Figure 5 shows that citing papers of replicable publications are more likely to be published in a journal that is in the JCR database. On average, the difference is 6.1 percentage points (N = 20,252, Poisson regression, residual df = 20,247, Z stat = 2.43, and P = 0.015). The difference is particularly strong for papers citing papers replicated in the Nature/Science and psychology replication projects. However, conditional on being published, citing papers of replicable publications are not published in journals with a higher impact factor (N = 7434, Poisson regression, residual df = 7429, Z stat = −0.36, and P = 0.722).

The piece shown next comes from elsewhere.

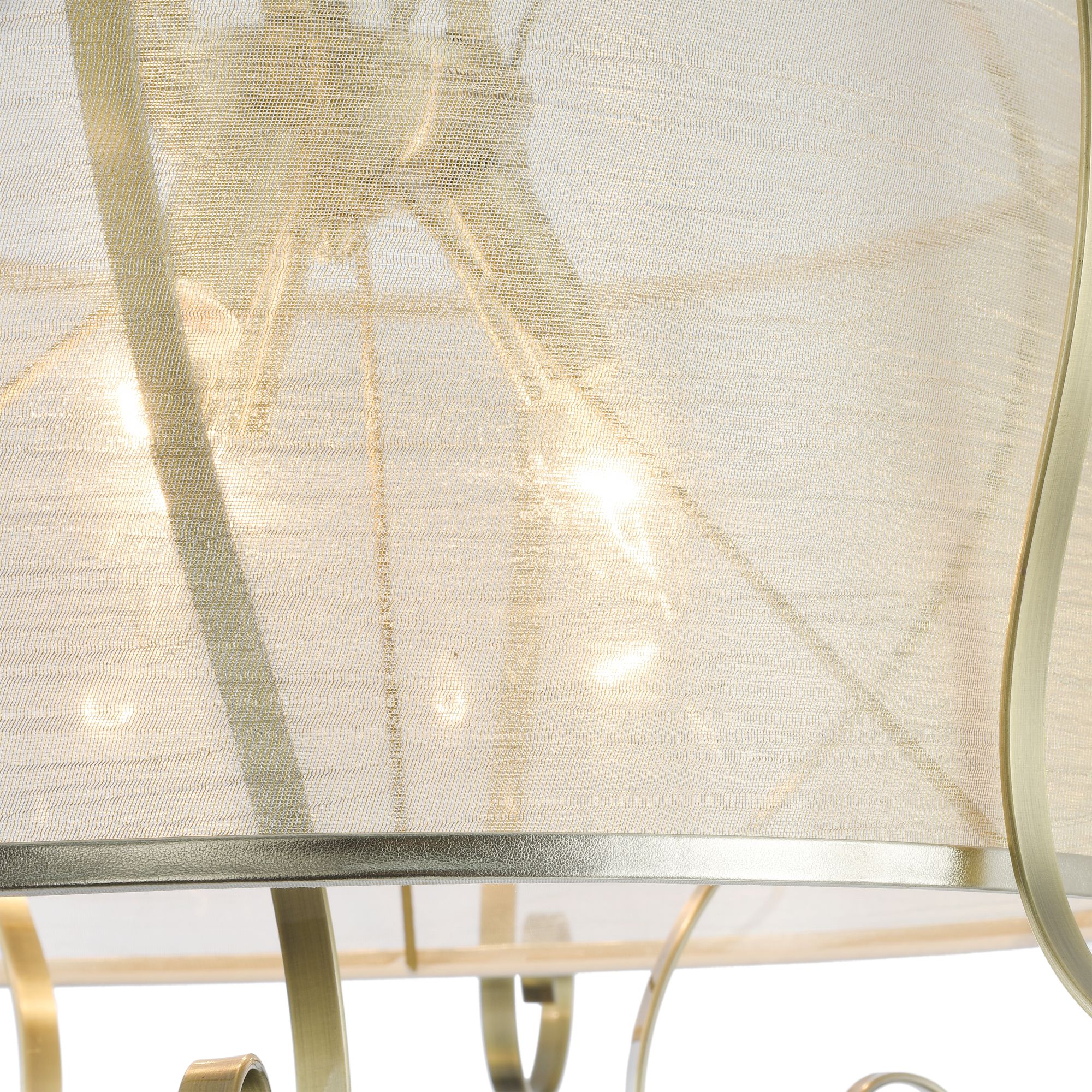 Абажуры и арматура светильников выполнены в разных цветах, с несколькими видами арматуры. Основание люстры украшено стеклянным декоративным элементом, а завитки рожков украшают подвески.

Overall, we find a similar impact between the papers that cite nonreplicable publications and those that cite replicable publications.

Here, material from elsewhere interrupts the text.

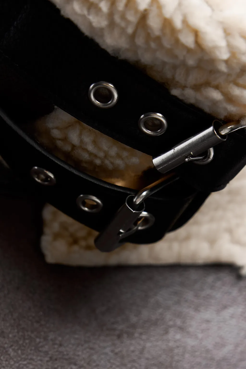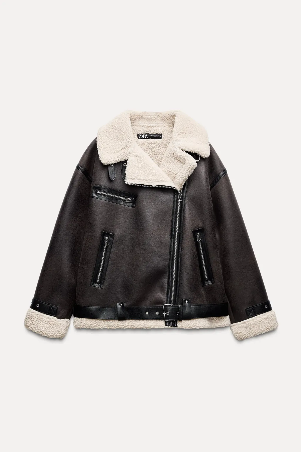 Cazadora de cuello con solapa y trabilla. Manga larga y bajo acabado con cinturón. Detalle de tejido interior combinado en borreguito. Bolsillos delanteros con cierre de cremallera. Cierre frontal cruzado con cremallera.

Fig. 5 Likelihood of publication and impact factor of papers citing a replicable versus nonreplicable publication.

This figure shows the fraction of citing papers that are published in a journal that is listed in the JCR database (A) and the average JCR impact factor (B), separated by whether the citing paper cited a replicable or a nonreplicable publication. Bars show 95% confidence intervals. The replication projects are excluded from the sample of citing papers.

Persistence of citation gap is not explained by negative citations

A driver of citations of nonreplicable publications could be papers written at a later point in time that cite the failed replication. We analyzed how nonreplicable papers are cited after the publication of the replication project. We included the eight Nature/Science papers that failed to replicate and examined their citations in 2019 (N = 798). We also included the seven economics papers and their citations between 2017 and 2019 (N = 798) and 19 out 25 psychology papers (on the basis of a random draw of a subset of the most cited papers) and their citations between 2016 and 2019 (N = 865). Of these citing papers, 83% were in English, accessible, and provided a citation in the text to the relevant paper (see details in the Supplementary Materials).

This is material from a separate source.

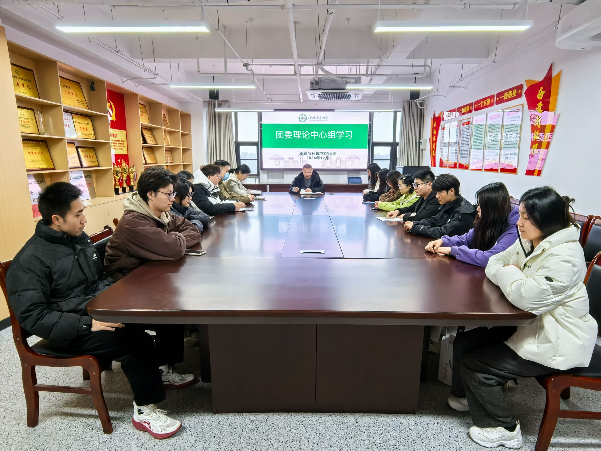 本网讯 12月5日,资源与环境学院在勤业楼2010召开团委理论学习中心组学习会,会议由学院团学工作负责人主持,学院团委理论学习中心组成员参加会议。

Overall, we find that only 12% of citations after the publication of the replication project acknowledge the replication failure. Within the eight Nature/Science papers that failed to replicate, 15% of citations in 2019 acknowledge a replication failure of the original result. Within the economics papers that failed to replicate, 9% of new citations make this acknowledgment (2% in 2017, 14% in 2018, and 9% in 2019). Within the psychology papers that failed to replicate, 12% cite the failure to replicate in the replication project or elsewhere (10% in 2016, 8% in 2017, 21% in 2018, and 7% in 2019).

A possible reason nonreplicable work is cited more is that it is focused on topics about which only a few papers are published. Such citations could nevertheless mention the failure to replicate or the weakness of existing evidence. We do not find evidence supporting this conjecture. Also, note that we cannot test the conjecture that papers are accepted because they are interesting, and hence, our results do not provide evidence on causal relations. We conclude that the gap in citations between replicable and nonreplicable publications is not driven by new papers citing the replication failure.

DISCUSSION

Why are papers that failed to replicate cited more? A possible answer is that the review team may face a trade-off. Although they expect some results to be less robust than others, as shown in the predictions of experts, they are willing to accept this lower expected reliability of the results in some cases. As a result, when the paper is more interesting, the review team may apply lower standards regarding its reproducibility.

A recent book (18) suggests that some papers create “hype” using exaggerated and inaccurate claims regarding their findings. According to Richie’s argument, the pressure to receive grants and publish favors “…showy and ostentatious findings over workhouse studies that only add small pieces to our knowledge” [(18), p. 148]. These studies are also more likely to receive media coverage and become famous. Related to our findings, this exposure may make the papers more likely to be cited. The book also presents evidence that the effect of the hype lingers even after a study is discredited.

Understanding this trade-off is important because it can partially explain the source of the replication crisis in social sciences. It could also help in developing policies to reduce the probability that nonreplicable papers will be accepted for publication. For example, if the results are due to the editor making a trade-off between interesting and reliable results, one way to reduce the occurrence of such incidents is to increase the cost of publishing problematic data, for example, by publishing the name of the editor in the manuscript and going back to them for comment about the editorial process in case the results fail to replicate. A recent example of a move in this direction is the recent retraction of (19) from Psychological Science (20) due to unreliable data. Related to this point, note that when papers are retracted, they are cited significantly less often (21).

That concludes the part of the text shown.